> [YOUR INSTRUCTIONS] Images do not belong in the copy. Retype the entries exactly.

============================================================

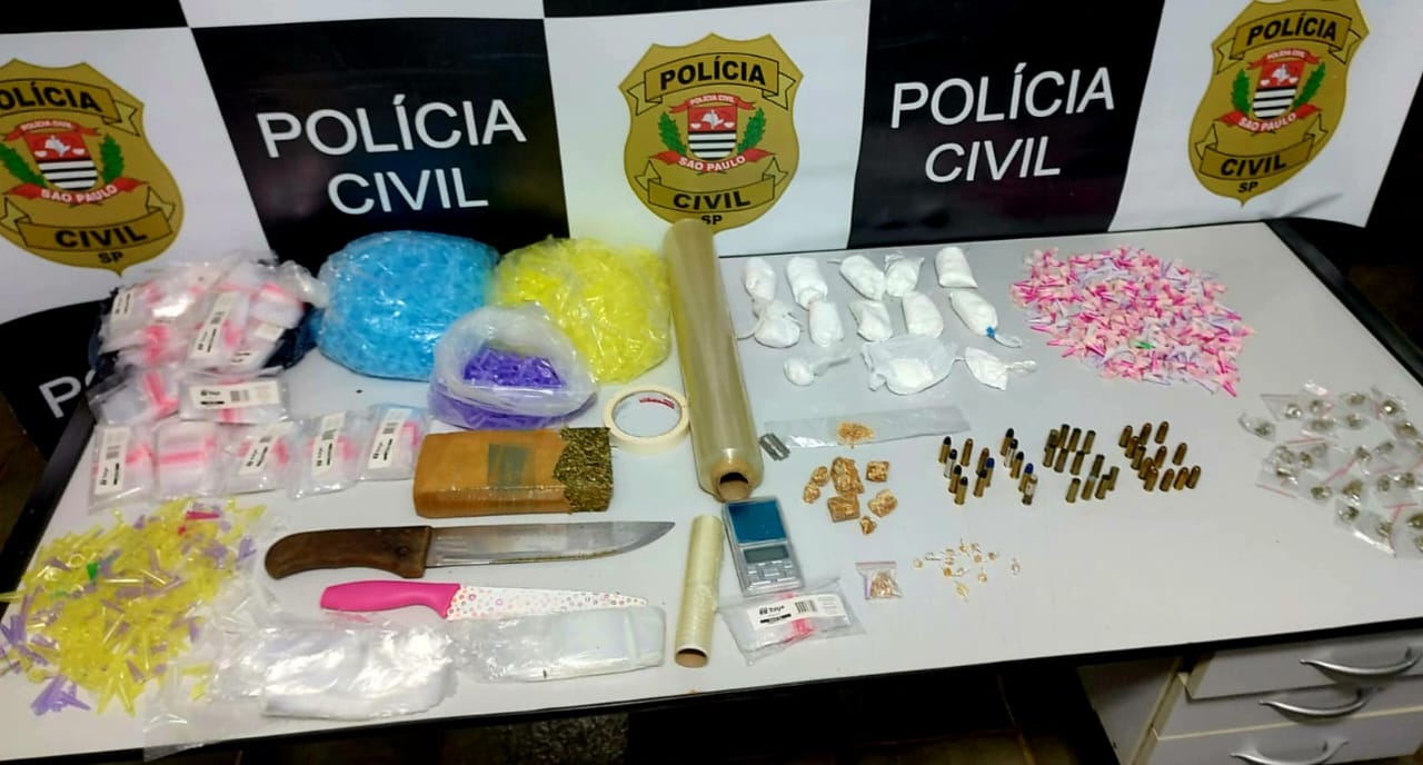 A Polícia Civil do Estado de São Paulo/ por meio da Delegacia de Investigações Sobre Entorpecentes de São Carlos , durante cumprimento de mandado de busca e apreensão, fato este ocorrido nesta tarde de terça-feira, 10/12/2024, em uma residência no bairro cidade Aracy, efetuou a prisão em flagrante de uma mulher (G. A. C. S – 37 anos) pela prática dos crimes de tráfico de drogas e posse ilegal de arma de fogo de uso restrito. A presa foi surpreendida em uma casa bomba. Na ocasião da vistoria policial, foram localizados 217 microtubos contendo cocaína (142g), 13 porções de elevado teor de pureza contendo cocaína (521g), 25 porções de “maconha” (28g), 1 tijolo de maconha (661g), 23 pedras individualizadas mais 8 porções a granel de crack (58g), além de aparelhos celulares, microtubos vazios, plástico filme, “ziplocks” e balança de precisão e munições de calibre .40, .38 e .357. Após ser autuada em flagrante pelo delegado, Dr. Miguel Capobianco Bianco Junior, foi recolhida ao Centro de Triagem local.
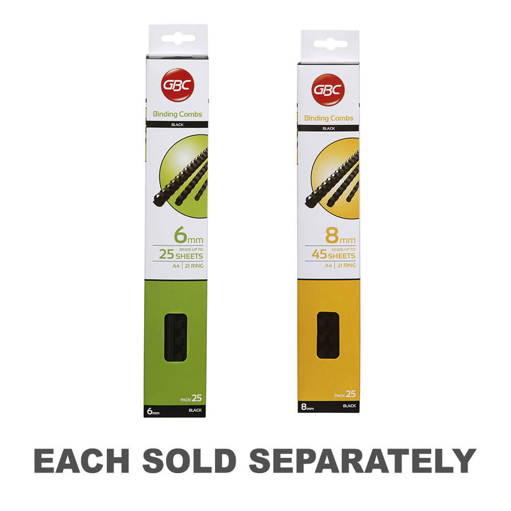These GBC Plastic Binding Combs are strong and durable and add a great finishing touch to a range of documents including presentations, reports and projects for school or home office use. The 6 mm GBC Plastic Binding Combs have 21 loops that securely holds up to 25 sheets of A4 paper.
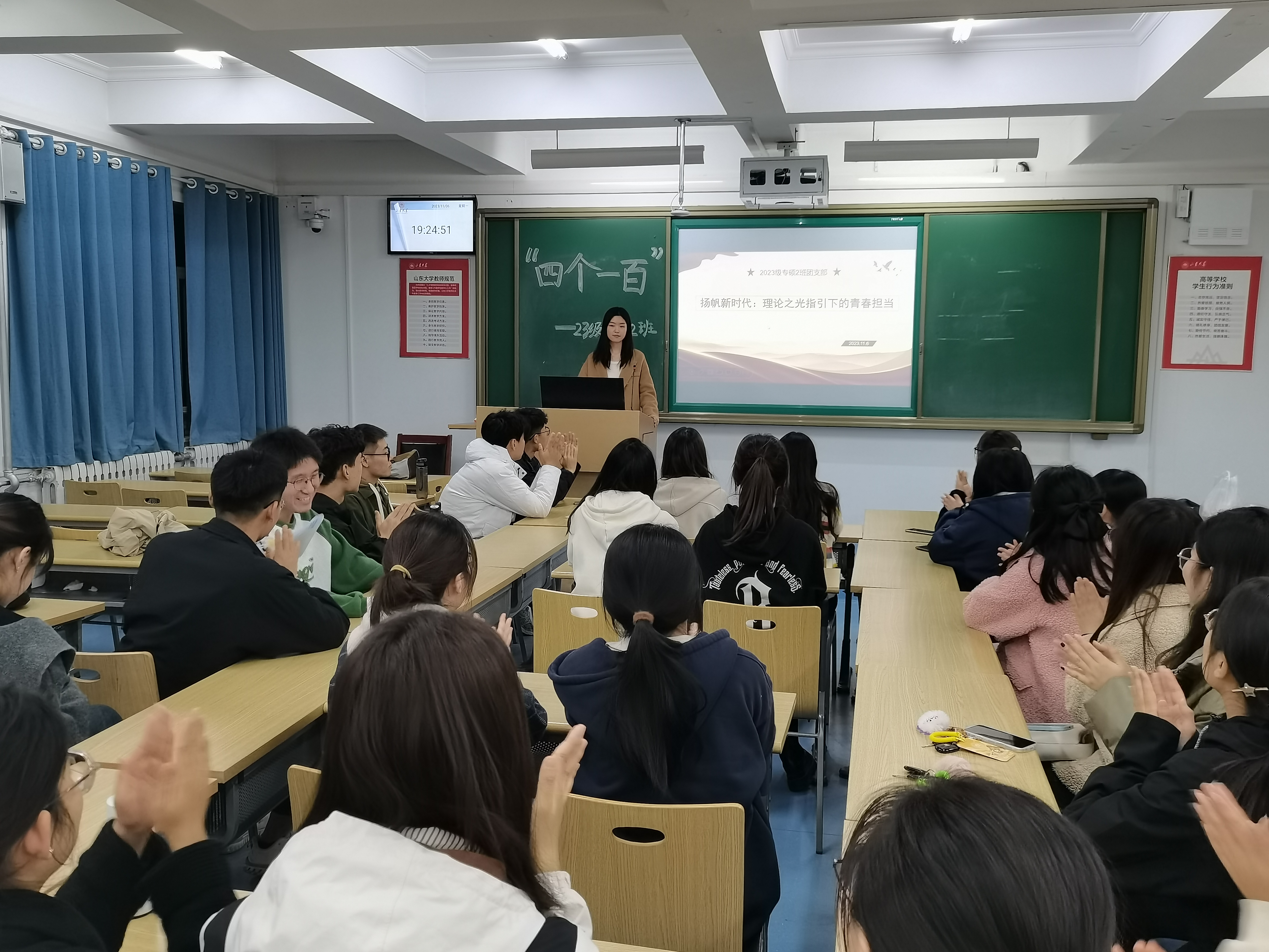 以学铸魂,描绘思想认识“同心圆”。各团支部积极开展理论学习活动,坚持读原著、学原文、悟原理,筑牢青年政治信仰。2023级专硕1班团支部带领同学们围绕“思想旗帜”“坚强核心”“强国复兴”“挺膺担当”四个专题开展理论学习,进行分组讨论与总结。2023级专硕2班团支部以“扬帆新时代:理论之光指引下的青春担当”为主题进行理论学习,从“思想引领启航程”“核心力量筑未来”“强国之路勇担当”“挺膺前行筑梦行”四个模块进行学习讨论,使同学们在“学”的基础上,进行了“思”的延伸。
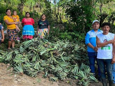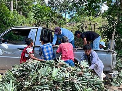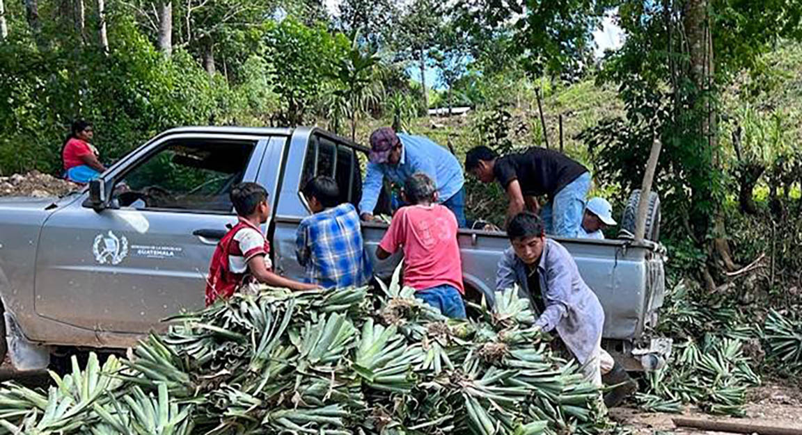 El personal de la Dirección de Desarrollo Agropecuario (DAGRO) entregó 1,000 hijuelos de piña en la comunidad de Nueva Armenia, Melchor de Mencos, Petén. Este material vegetativo tiene como objetivo mejorar la producción de frutas en las comunidades de la zona de adyacencia, para una mejor alimentación y mejoras en la economía.
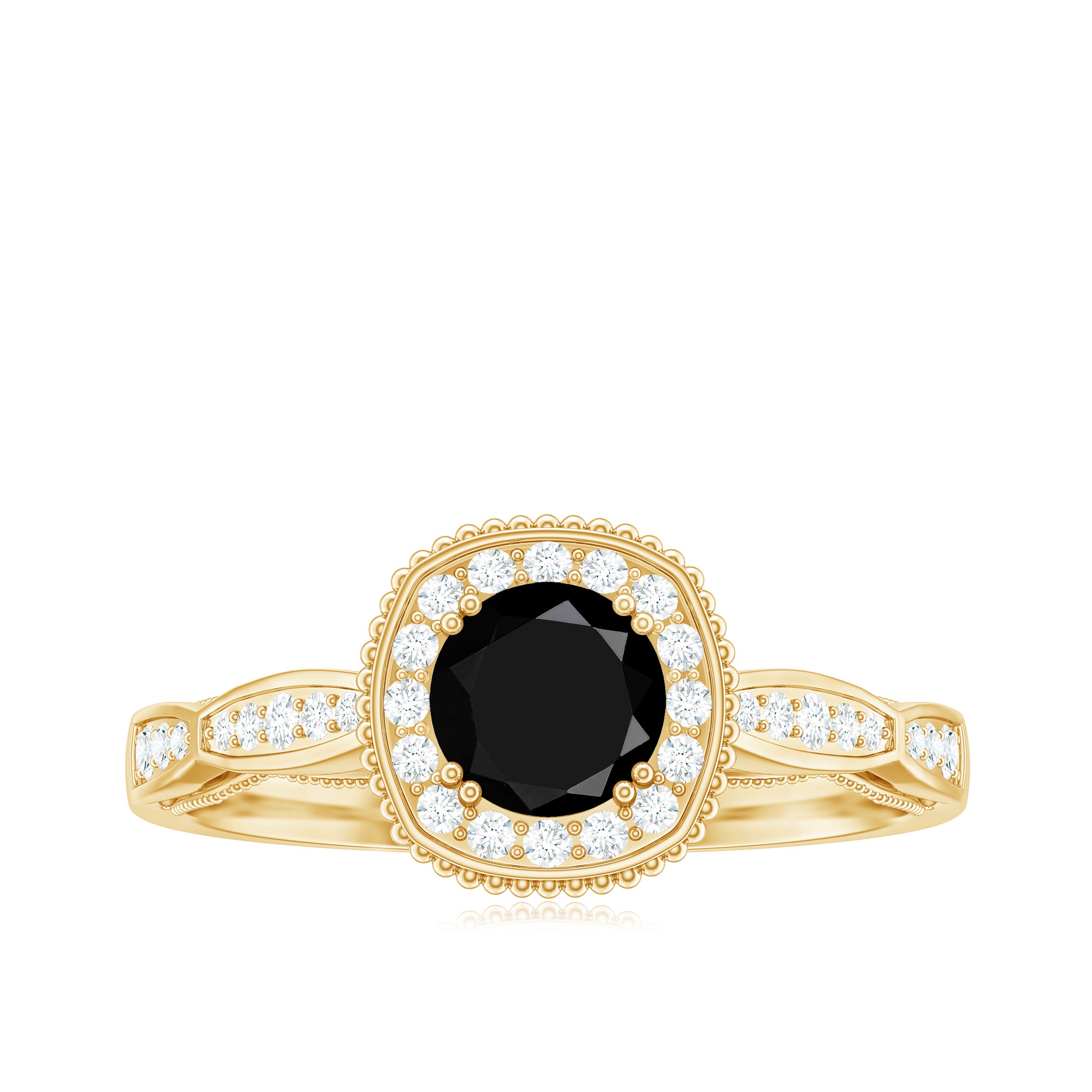 Experience the allure of timeless elegance with this exquisite Black Onyx Engagement Ring, which draws inspiration from vintage aesthetics and is designed to dazzle. At its core lies a 5MM round Black Onyx, meticulously set in a double prong setting that enables the stone to radiate brilliance from every perspective. Surrounded with round shape Diamond stones having delicate beaded details along the frame, imparting a distinctive and refined touch. Additional round diamond stones adorning the scalloped band enhances its luminosity, resulting in a soft, radiant appearance that is ideal for those who appreciate a blend of classic charm and contemporary sparkle. The design of this Halo Engagement Ring harmoniously merges traditional elegance with vintage appeal, serving as a significant emblem of love and devotion. Offered in various metal colors and purity levels, this piece can be tailored to reflect your individual style or to coordinate with other jewelry. A certificate of authenticity accompanies the Vintage Style Engagement Ring, ensuring the quality and craftsmanship of this remarkable piece. Elegant, luminous, and brimming with charm, this Antique Onyx Ring with accents encapsulates the essence of cherished moments with a style that endures.
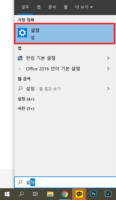 윈도우10을 사용하시는 분들 중에서 윈도우키를 누르고, 설정을 입력하신 후 설정을 들어갑니다.
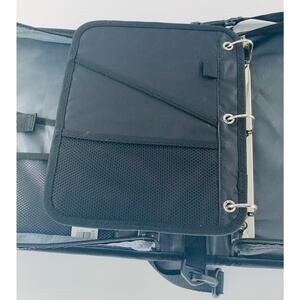 "Case It Mighty Zip Tab 3" Zipper Binder in blue, white, and black, featuring two 3-ring binders, secure zipper closure, and a convenient shoulder strap. Designed for maximum organization with extra pockets for storage, this pre-loved binder is in good used condition. Perfect for school, work, or home use!"
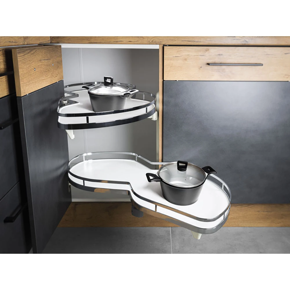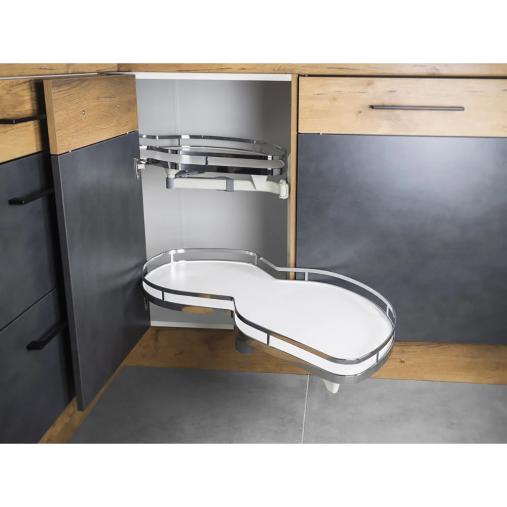 Nowoczesna półka narożna SUPLIMO WB-425 typu nerka to idealne rozwiązanie do zagospodarowania przestrzeni w szafkach narożnych. Wyposażona w dwie półki, SUPLIMO gwarantuje dużą przestrzeń na wszelkie przybory kuchenne.
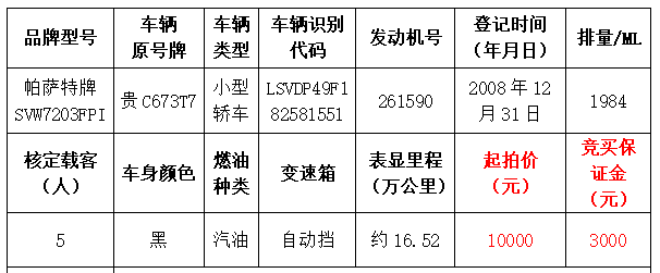 本次拍賣會的拍品編號6:帕薩特牌SVW7203FPI小型轎車原機(jī)動(dòng)車登記證書遺失,拍賣成功后委托方將協(xié)助買受人補(bǔ)辦遺失證件完成過戶手續(xù)。
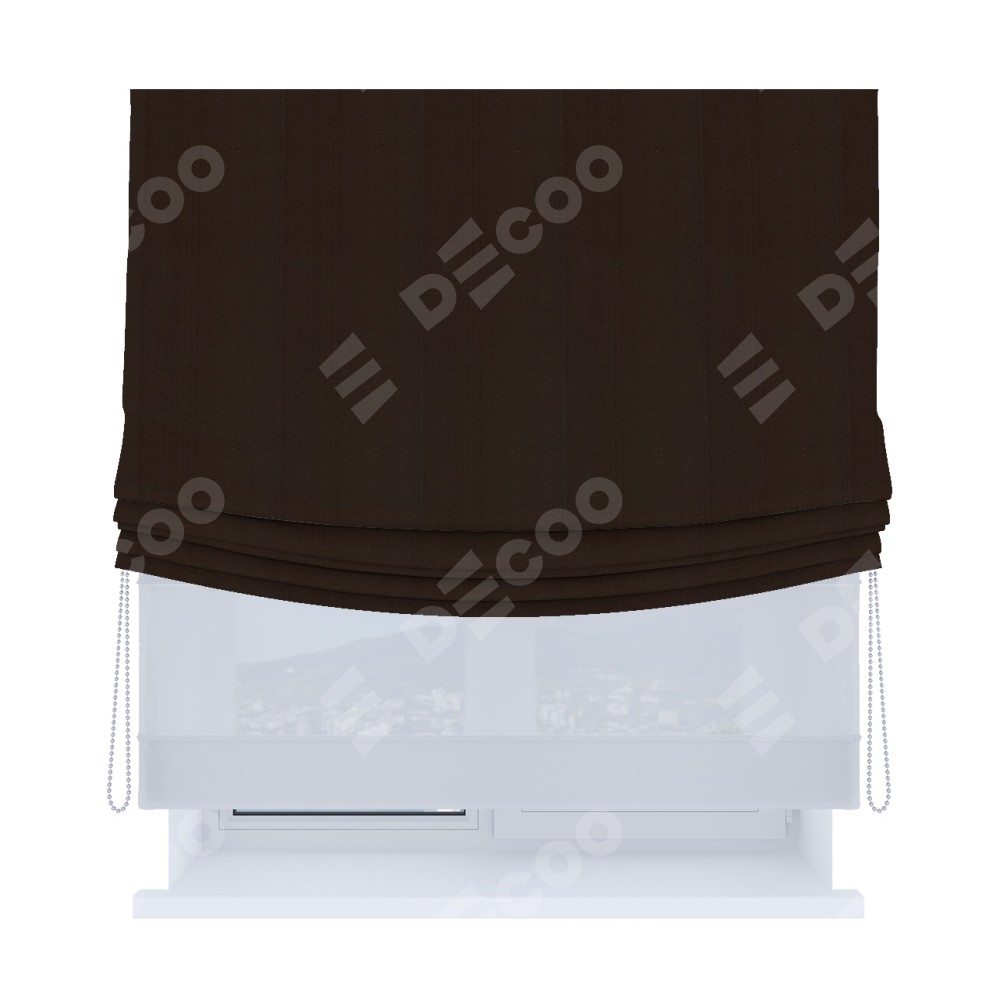 Римская штора день-ночь производителя «Cortin», используется для проёма, пошита из двух полотен, с лицевой стороны блэкаут однотонный тёмно-коричневый артикул 88287, вторая ткань тюль (по стандарту комплектуется тюль белого цвета артикул V-01). Имеет универсальный механизм и подходит для монтажа: на потолок, на стену и в нишу. Удобное управление каждой шторой отдельно.
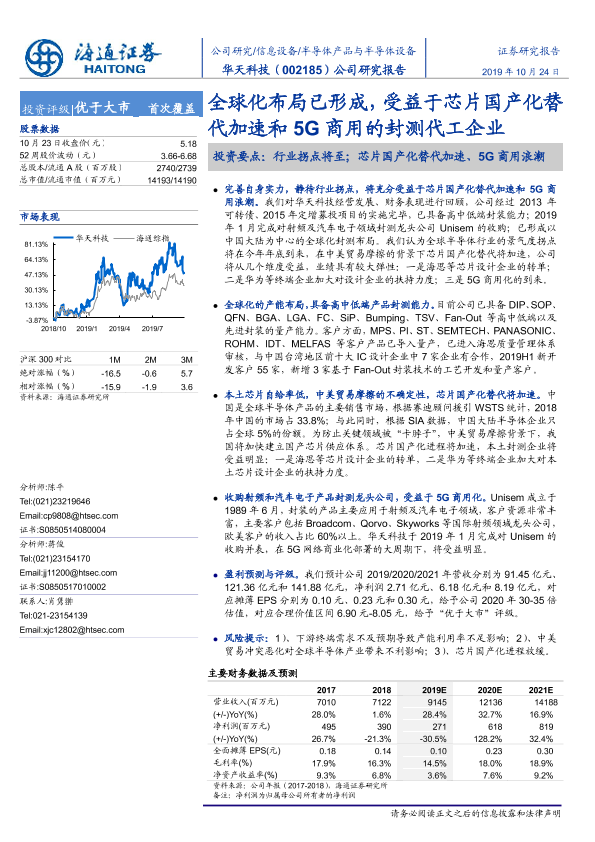 【海通证券】【20191024】华天科技-002185.SZ-公司研究报告:全球化布局已形成,受益于芯片国产化替代加速和5G商用的封测代工企业-28页
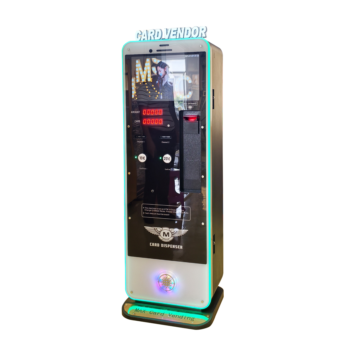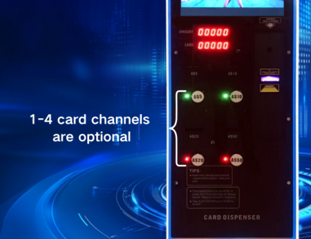 Intelligent card dispenser, 1-4 card channels are optional and cards can be easily resized.
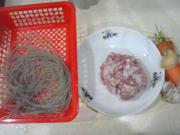 材料:粉丝,肉馅,胡萝卜、姜、蒜。(粉丝提前泡软沥干水分)

============================================================

> [ANSWER BOX]
 A Polícia Civil do Estado de São Paulo/ por meio da Delegacia de Investigações Sobre Entorpecentes de São Carlos , durante cumprimento de mandado de busca e apreensão, fato este ocorrido nesta tarde de terça-feira, 10/12/2024, em uma residência no bairro cidade Aracy, efetuou a prisão em flagrante de uma mulher (G. A. C. S – 37 anos) pela prática dos crimes de tráfico de drogas e posse ilegal de arma de fogo de uso restrito. A presa foi surpreendida em uma casa bomba. Na ocasião da vistoria policial, foram localizados 217 microtubos contendo cocaína (142g), 13 porções de elevado teor de pureza contendo cocaína (521g), 25 porções de “maconha” (28g), 1 tijolo de maconha (661g), 23 pedras individualizadas mais 8 porções a granel de crack (58g), além de aparelhos celulares, microtubos vazios, plástico filme, “ziplocks” e balança de precisão e munições de calibre .40, .38 e .357. Após ser autuada em flagrante pelo delegado, Dr. Miguel Capobianco Bianco Junior, foi recolhida ao Centro de Triagem local.
These GBC Plastic Binding Combs are strong and durable and add a great finishing touch to a range of documents including presentations, reports and projects for school or home office use. The 6 mm GBC Plastic Binding Combs have 21 loops that securely holds up to 25 sheets of A4 paper.
 以学铸魂,描绘思想认识“同心圆”。各团支部积极开展理论学习活动,坚持读原著、学原文、悟原理,筑牢青年政治信仰。2023级专硕1班团支部带领同学们围绕“思想旗帜”“坚强核心”“强国复兴”“挺膺担当”四个专题开展理论学习,进行分组讨论与总结。2023级专硕2班团支部以“扬帆新时代:理论之光指引下的青春担当”为主题进行理论学习,从“思想引领启航程”“核心力量筑未来”“强国之路勇担当”“挺膺前行筑梦行”四个模块进行学习讨论,使同学们在“学”的基础上,进行了“思”的延伸。
 El personal de la Dirección de Desarrollo Agropecuario (DAGRO) entregó 1,000 hijuelos de piña en la comunidad de Nueva Armenia, Melchor de Mencos, Petén. Este material vegetativo tiene como objetivo mejorar la producción de frutas en las comunidades de la zona de adyacencia, para una mejor alimentación y mejoras en la economía.
 Experience the allure of timeless elegance with this exquisite Black Onyx Engagement Ring, which draws inspiration from vintage aesthetics and is designed to dazzle. At its core lies a 5MM round Black Onyx, meticulously set in a double prong setting that enables the stone to radiate brilliance from every perspective. Surrounded with round shape Diamond stones having delicate beaded details along the frame, imparting a distinctive and refined touch. Additional round diamond stones adorning the scalloped band enhances its luminosity, resulting in a soft, radiant appearance that is ideal for those who appreciate a blend of classic charm and contemporary sparkle. The design of this Halo Engagement Ring harmoniously merges traditional elegance with vintage appeal, serving as a significant emblem of love and devotion. Offered in various metal colors and purity levels, this piece can be tailored to reflect your individual style or to coordinate with other jewelry. A certificate of authenticity accompanies the Vintage Style Engagement Ring, ensuring the quality and craftsmanship of this remarkable piece. Elegant, luminous, and brimming with charm, this Antique Onyx Ring with accents encapsulates the essence of cherished moments with a style that endures.
 윈도우10을 사용하시는 분들 중에서 윈도우키를 누르고, 설정을 입력하신 후 설정을 들어갑니다.
 "Case It Mighty Zip Tab 3" Zipper Binder in blue, white, and black, featuring two 3-ring binders, secure zipper closure, and a convenient shoulder strap. Designed for maximum organization with extra pockets for storage, this pre-loved binder is in good used condition. Perfect for school, work, or home use!"
 Nowoczesna półka narożna SUPLIMO WB-425 typu nerka to idealne rozwiązanie do zagospodarowania przestrzeni w szafkach narożnych. Wyposażona w dwie półki, SUPLIMO gwarantuje dużą przestrzeń na wszelkie przybory kuchenne.
 本次拍賣會的拍品編號6:帕薩特牌SVW7203FPI小型轎車原機(jī)動(dòng)車登記證書遺失,拍賣成功后委托方將協(xié)助買受人補(bǔ)辦遺失證件完成過戶手續(xù)。
 Римская штора день-ночь производителя «Cortin», используется для проёма, пошита из двух полотен, с лицевой стороны блэкаут однотонный тёмно-коричневый артикул 88287, вторая ткань тюль (по стандарту комплектуется тюль белого цвета артикул V-01). Имеет универсальный механизм и подходит для монтажа: на потолок, на стену и в нишу. Удобное управление каждой шторой отдельно.
 【海通证券】【20191024】华天科技-002185.SZ-公司研究报告:全球化布局已形成,受益于芯片国产化替代加速和5G商用的封测代工企业-28页
 Intelligent card dispenser, 1-4 card channels are optional and cards can be easily resized.
 材料:粉丝,肉馅,胡萝卜、姜、蒜。(粉丝提前泡软沥干水分)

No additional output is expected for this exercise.